■ EXERCISE PROMPT
Retype the lines below exactly, from the one that contains "October 23, 2019100+" through the last, and leave every picture out.

■ DATA PROVIDED
***
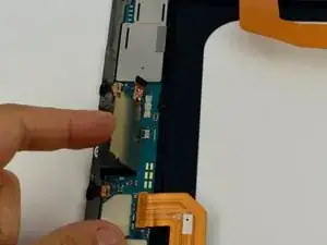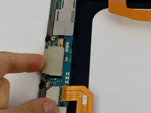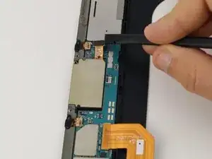 Отсоедините одноконтактный защёлкивающийся разъём, расположенный непосредственно над лотком Micro SD карты на левом среднем каркасе.
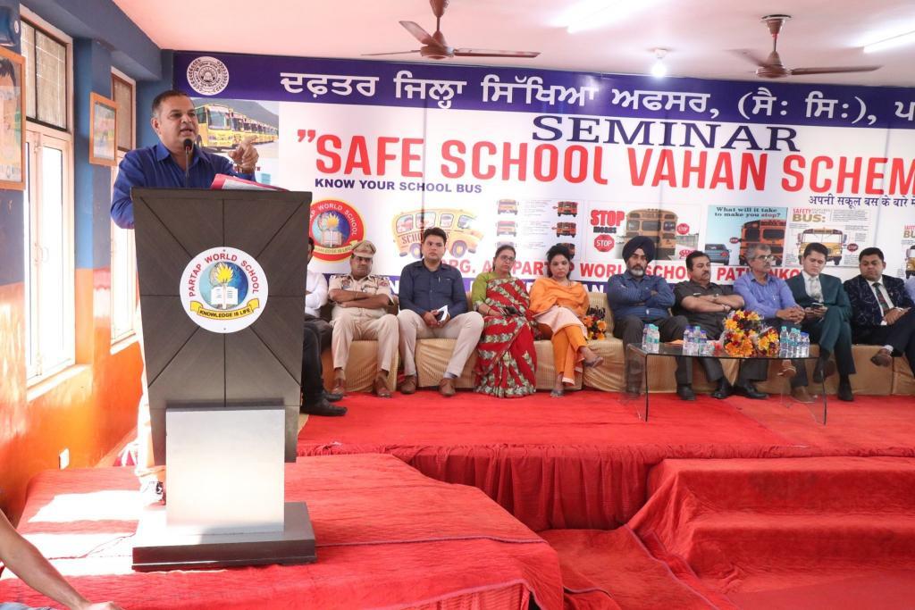 October 23, 2019100+ Private Schools of Pathankot participated in a Seminar on ‘Safe School Vahan Scheme’ at Partap World School, Pathankot.
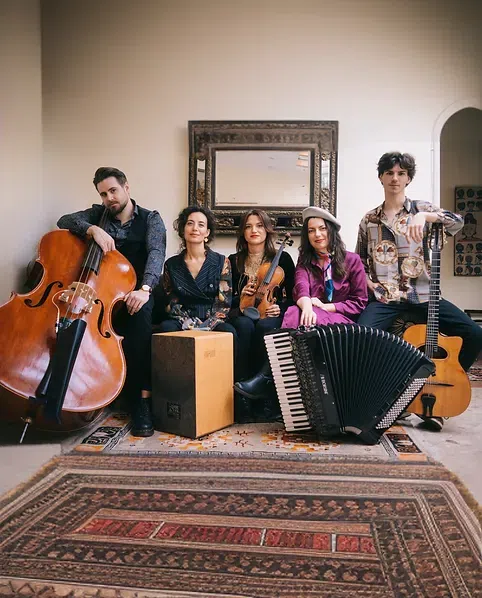 In Slavic mythology, we know Baba Yaga as a wild, unpredictable, often dangerous female figure. And that's exactly what the band Baba Yaga sounds like: spirited Balkan tunes mix with virtuoso klezmer pieces, lively gypsy jazz and sensual oriental dances. The five young musicians from Austria, Montenegro & Israel will heat you up with violin, double bass, accordion, guitar, vocals and percussion and get you dancing, celebrating and ecstatic.
***
■ THE COMPLETED TASK
 October 23, 2019100+ Private Schools of Pathankot participated in a Seminar on ‘Safe School Vahan Scheme’ at Partap World School, Pathankot.
 In Slavic mythology, we know Baba Yaga as a wild, unpredictable, often dangerous female figure. And that's exactly what the band Baba Yaga sounds like: spirited Balkan tunes mix with virtuoso klezmer pieces, lively gypsy jazz and sensual oriental dances. The five young musicians from Austria, Montenegro & Israel will heat you up with violin, double bass, accordion, guitar, vocals and percussion and get you dancing, celebrating and ecstatic.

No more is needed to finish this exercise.